Written on: September 8, 2017
What to write about in early September. Labor Day. Hurricanes and floods. Climate change and the Paris Accord — or not? Refugees. DACA’s “Dreamers.” Threats from North Korea. Terrorists everywhere. Racism, white supremacy, violence stemming from hate. Whatever we choose to focus on, our perspective is to be a perspective of faith. So what about faith?
Some years ago, I read the book “When Bad Things Happen to Good People” by Rabbi Harold Kushner. It is a monumental faith-changer of a book and I remember being both consoled and shocked to agree with so much of what Rabbi Kushner wrote. I belong to a women’s religious community, i.e. I am a Catholic nun.
Not the same nun I was when I came to this community when I was 19, but still a nun, and happy that I found the Grey Nuns of the Sacred Heart, a perfect “fit” for me for more than 50 years.
But we Grey Nuns came in all shapes and conditions and so did our faith and none of that is unchanging.
My faith was shaken when I read Kushner’s reflections but it was also expanded, deepened, I guess. Where some sisters (and some of you, no doubt) pray for intervention from God about every aspect of life – finding a parking place, having good weather for the picnic, being cured of cancer or restored to mobility after an accident — I pray to know that God is there, no matter what.
With Kushner, my faith tells me God is no more responsible for the death of those children in Houston’s flood than He/She is responsible for the fact that some towns, some streets, some houses were spared. What I believe is that God was there, is there — for all of it.
One of our residents where I work with survivors of sexual exploitation and human trafficking asked me how the flood in Houston squared with God’s rainbow promise in the Book of Genesis that he would,”never again allow the Earth to be flooded.” My response was inadequate, I am certain, and I probably said more than she needed to hear about the fact that those writers would not have known territory beyond their limited horizons or how humans sometimes make nature’s phenomena much worse (by putting down asphalt where a marsh is needed, for example, or by building homes in a flood plain).
What she wanted to know is if God made the flood happen, if God could have kept that from happening, if the God of our day is as powerful as the God of Noah’s time.

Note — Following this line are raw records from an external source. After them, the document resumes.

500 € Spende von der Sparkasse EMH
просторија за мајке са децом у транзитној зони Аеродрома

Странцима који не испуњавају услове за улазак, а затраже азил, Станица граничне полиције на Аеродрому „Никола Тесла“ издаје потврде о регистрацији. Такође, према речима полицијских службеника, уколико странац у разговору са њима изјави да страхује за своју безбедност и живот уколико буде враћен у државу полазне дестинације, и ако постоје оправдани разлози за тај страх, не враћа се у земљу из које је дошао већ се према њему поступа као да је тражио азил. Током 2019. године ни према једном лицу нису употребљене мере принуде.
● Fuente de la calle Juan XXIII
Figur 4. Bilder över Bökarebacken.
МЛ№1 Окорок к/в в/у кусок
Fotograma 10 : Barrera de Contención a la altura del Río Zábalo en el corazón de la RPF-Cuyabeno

I was careful not to try to answer. (Note that many scripture scholars, unlike movie producers, read the Noah story as figurative — not that there never was a flood, but rather that there are flood narratives in many ancient civilizations and ours is written, we believe, inspired by the Holy One, to teach us about sin and righteousness and saving grace).

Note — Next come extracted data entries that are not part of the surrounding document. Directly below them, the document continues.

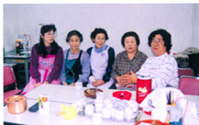
ちょっと、ひと休み…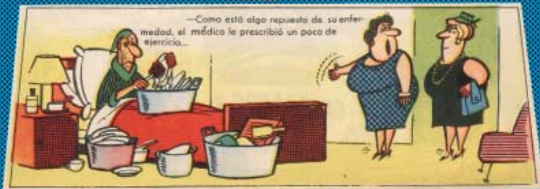
—Como está algo repuesto de su enfermedad, el médico le prescribió un poco de ejercicio...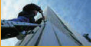
SEALING AND BONDING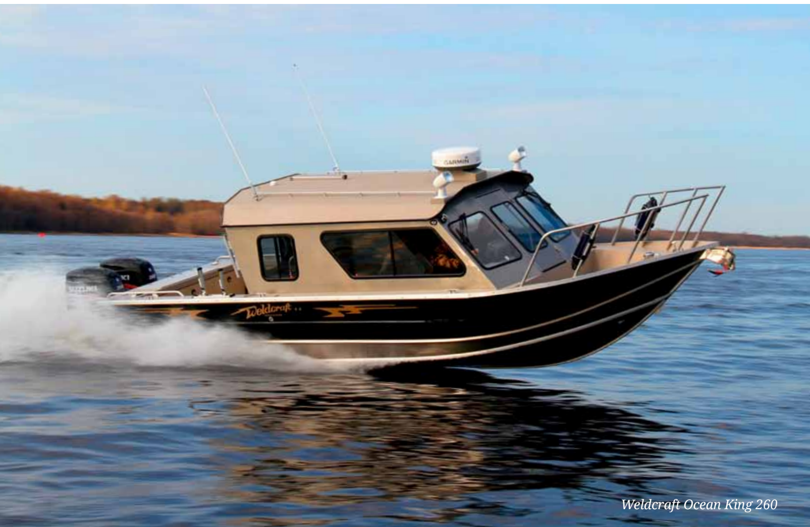
Weldcraft Ocean King 260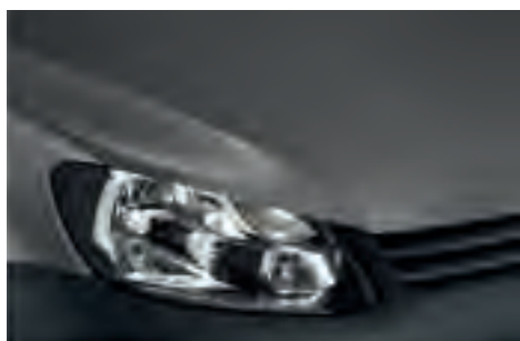
Natural Grey 2) металік M4M4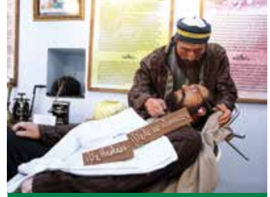
Tıp Tarihi Müzesi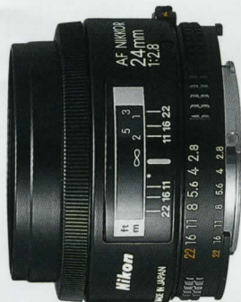
AF Nikkor 24mm f/2,8*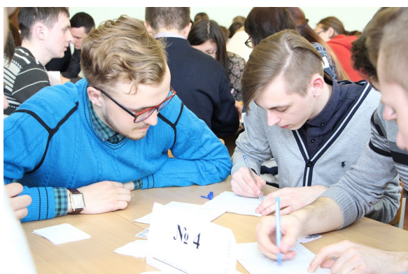
Университетский турнир по интеллектуальным играм среди факультетских команд

Sunday morning I heard a reading from the Christian scriptures in which Jesus tells his followers that he will have to go to Jerusalem and suffer torture and be put to death. The disciples are, of course, horrified.

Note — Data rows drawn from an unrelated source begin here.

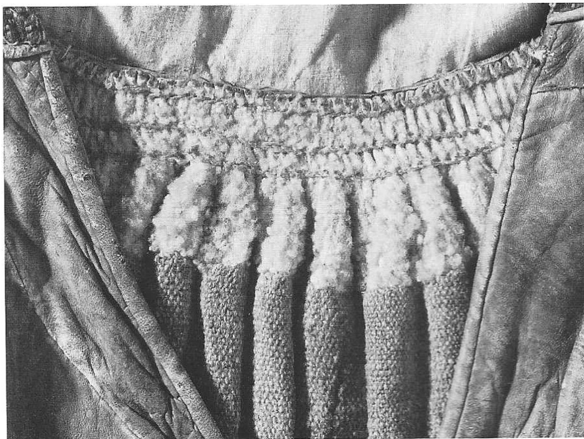
2. Detalj av skinnkjol, röd med brunmönstrat liv. I midjan syns fårskind och linnefoder samt de översydda vecken. 1829. Lövestad, Färs hd. KM 15.408.

detta skinn är af twänne slags färg utanpå” och vidare ”med denna kjortel gå qwinfolken både winter och sommar fast han är luden”. Andra skribenter har berättat om samma sorts pälskjolar från Torna och Färs härad. Som framgår av 1928 års intervjuer har de röda kjolarna funnits litet varstans i södra och mellersta Skåne.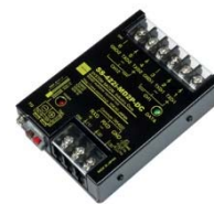
SS-422i-MD2P-DC (DC10~25V 仕様) 価格: 38,500 円(税込) (本体価格: 35,000 円+消費税)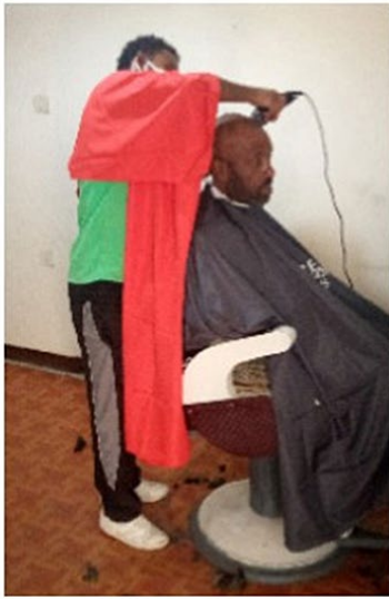
Activiteiten in het Elderly People Project. Kapper. (l.) Hygiëne. (r. & ond.)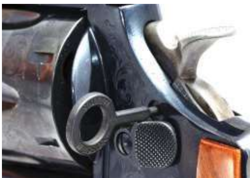
Sicura a chiave di un revolver

Sempre nell'ambito dei revolver, esistono anche particolari sicure manuali, che si attivano tramite piccole chiavi che impediscono l'utilizzo delle armi a persone non autorizzate.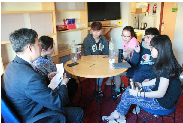
與學生團體座談會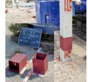
材料:継手ジョイント

One of them, Peter, tells Jesus that this must not happen. Jesus emphatically corrects and assures Peter that somehow this has to happen. Many Christians hear this as “God’s will.” I believe, however, that what Jesus meant was that he could not stop preaching what he was preaching and that this would necessarily bring him into conflict with the authorities who would find a way to get rid of him.
This Jesus tells his followers to embrace suffering as an inevitable part of life (take up your cross) but to trust that God is there for us, and that somehow, like Jesus, we will be brought through the storm — “raised” by God, by life.
Of course, I am very good at being ambivalent. I do pray that my niece will be able to stay clean and sober forever and I do pray that refugees and immigrants will find welcome in American hearts. Even though I hedge a little about what I think God has the power to do, I believe that somehow prayers help — that they serve to bring us close to those for whom we pray and closer, too, to the God to whom we direct our prayers.
I just don’t want to blame God for awful things that happen or say to another niece that it was “God’s will” that her son died. No, it wasn’t. I believe God was there with Jimmy when he was dying and he is there with my niece and her husband while they grieve. I believe God is there in the flood waters with those who can never return to their homes and also with those who have lost loved ones. I believe God grieves with all those who grieve and that God is angry with all the hatred and violence human beings spread.
But, I don’t see God as all powerful. Is this blasphemy? Or, is it the evolution of faith in a person who believes that God is all love and everywhere longing for us to be all loving, too. A God of influence but not, perhaps, divine intervention.
I’m still praying about this.
What do you believe? How has your faith changed since you were young? How does it sustain you now?
Sister Eileen White, GNSH, is a member of the Grey Nuns of the Sacred Heart
This article is republished here with the permission of the Bucks County Courier Times. Sister Eileen is a frequent contributor and we are pleased to share her insight (and her insightful questions) with you here!
Sister Eileen White ministers at Dawn’s Place, a collaborative housing effort on the part of numerous religious congregations of both women and men from the Philadelphia area. Dawn’s Place is a safe shelter for those who have been victims of human trafficking and the sex trade.